The next Master (subject to election) - Donald Valentine


Friday, March 31, 2006

Donald was born some moons ago in Saltwood in Kent. He grew up during the War in a small village in Sussex where his father was the vicar. D on ald went to the Grammar School in East Grinstead: was moved up two classes and entered the Sixth Form at the age of fourteen.

Donald being installed as Senior Warden by the Master at the installation ceremony

At 17 he won a County Major Scholarship to Cambridge but was then forced at tax-payer's expense, to take a gap year serving his King and Country - largely on a troopship sailing to Singapore and back. He rose to the dizzy height of Sergeant in the Education Corp – which, when necessary, pretended to be part of the British Army.

At Trinity, Donald read Law: spoke in the Union and became President of the C.U. Liberal Club. In 1952 he obtained a First Class degree. He was then made an Exhibitioner of Trinity College and a State Scholar and was awarded the Whitaker Scholarship to Lincoln's Inn .

After a fourth year in Cambridge , Donald won a Fellowship to the Netherlands . There, under the tutorship of Prof. Verziel of Utrecht University, he wrote the first book in English on what is now the European Court of Justice – then the Court of the European Coal and Steel Community – which this country had refused to join.

This book was published in the Netherlands and reviewed in law journals in Europe, Asia and America. The book won Donald a doctorate from Utrecht University.

In 1954 Donald was appointed as Assistant Lecturer at The London School of Economics; was called to the Bar in 1956 and joined his present Chambers in 1958. He then stood in Wembley North as a Liberal Candidate in the 1959 General Election. This constituency was known as a safe seat – because there was no fear of being elected. He wasn't.

For the next seven years, when not teaching or in court, Donald was engaged in writing his second book on the European Court. Because the UK was still not a member of the Community, the Court's judgments were not issued in English. Donald, therefore, had to translate from French the first 10 years of the Court 's judgments.

In 1965 an early draft of this second book was bought from Donald by the British Government for £700. This draft was then typed by the civil service and circulated to the legal teams who were about to undertake abortive negotiations to join the Community.
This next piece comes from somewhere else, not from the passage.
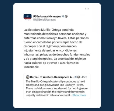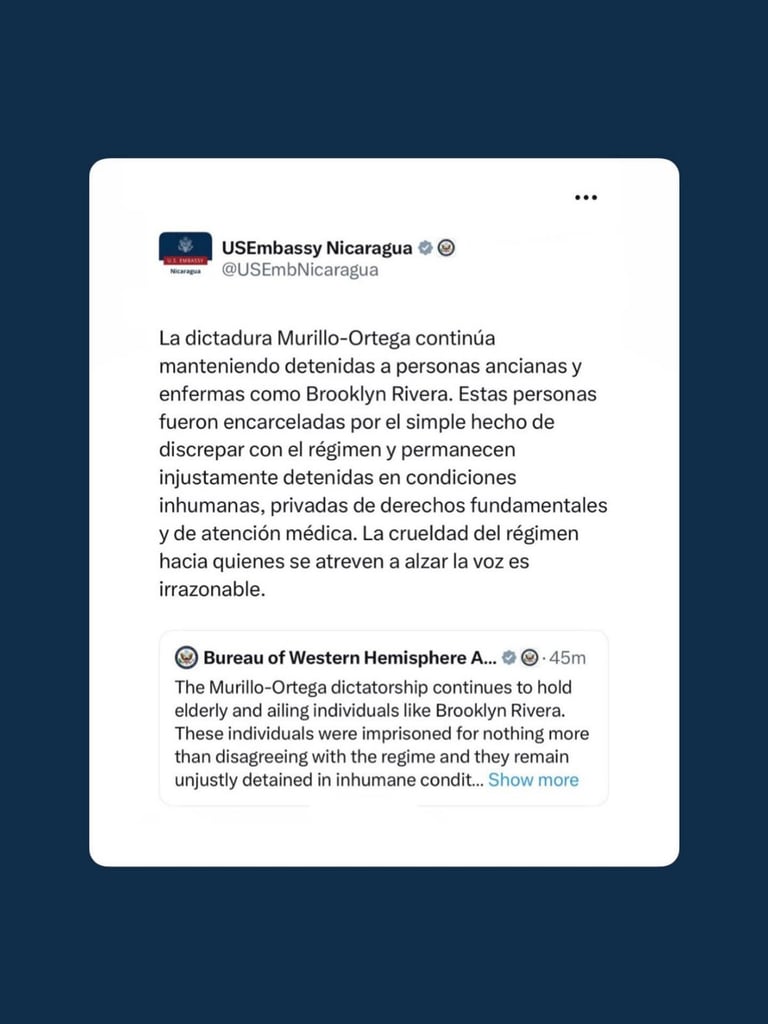 El pronunciamiento fue difundido por la Oficina de Asuntos del Hemisferio Occidental del Departamento de Estado y replicado por la Embajada de Estados Unidos en Nicaragua. El mensaje es inequívoco: el régimen continúa deteniendo injustamente a ciudadanos cuyo único “delito” ha sido disentir políticamente y los mantiene privados de atención médica básica.

In 1965 the two volumes of Donald's book were published jointly in England and America . His translation of the first 63 judgments was subsequently accepted as constituting the Court's authentic text.

In 1966 Donald, with his wife and two young daughters, went as Professor and Dean of the Law Faculty to the University of Nigeria. Because of tribal conflicts, Ibo graduates were refusing to go to the Professional Law School in Lagos . Donald was therefore asked to set up a Biafran Professional Law School for them. The Government provided him with an ex-minister's empty house and £2,000. The first lecture and tutorials were given 6 weeks later.

When the Biafran war finally broke out in 1967, Donald's family were evacuated by air. Donald stayed on until the Biafran Bar Finals had been marked. He then fled the country. It cost all of 6d to cross the Niger .

Back in London , Donald combined being a Reader at LSE with practice at the Bar. By 1982, however, this double life had become too much. It was then to be the Bar only.

But not for long. Donald was soon called upon to run 2 and 3 day seminars on the multivarious building, civil and mechanical engineering contracts. These seminars were not only for contractors (Costain, Mowlems, Balfour Beatty etc) but for British Rail, at their headquarters in York , Scottish Hydro-Electrics, Water Boards and Local Authorities.

In 1990 Donald was elected as the First Chairman of the newly formed London Branch of the CIArb. Subsequently, for seven years, he was their representative on the Council of the Chartered Institute. He is now one of the Institute's Chief Examiners. This task he fits in between periods of acting as arbitrator and as tutor in arbitrations. Somehow, he says, there will still be time to be a Master.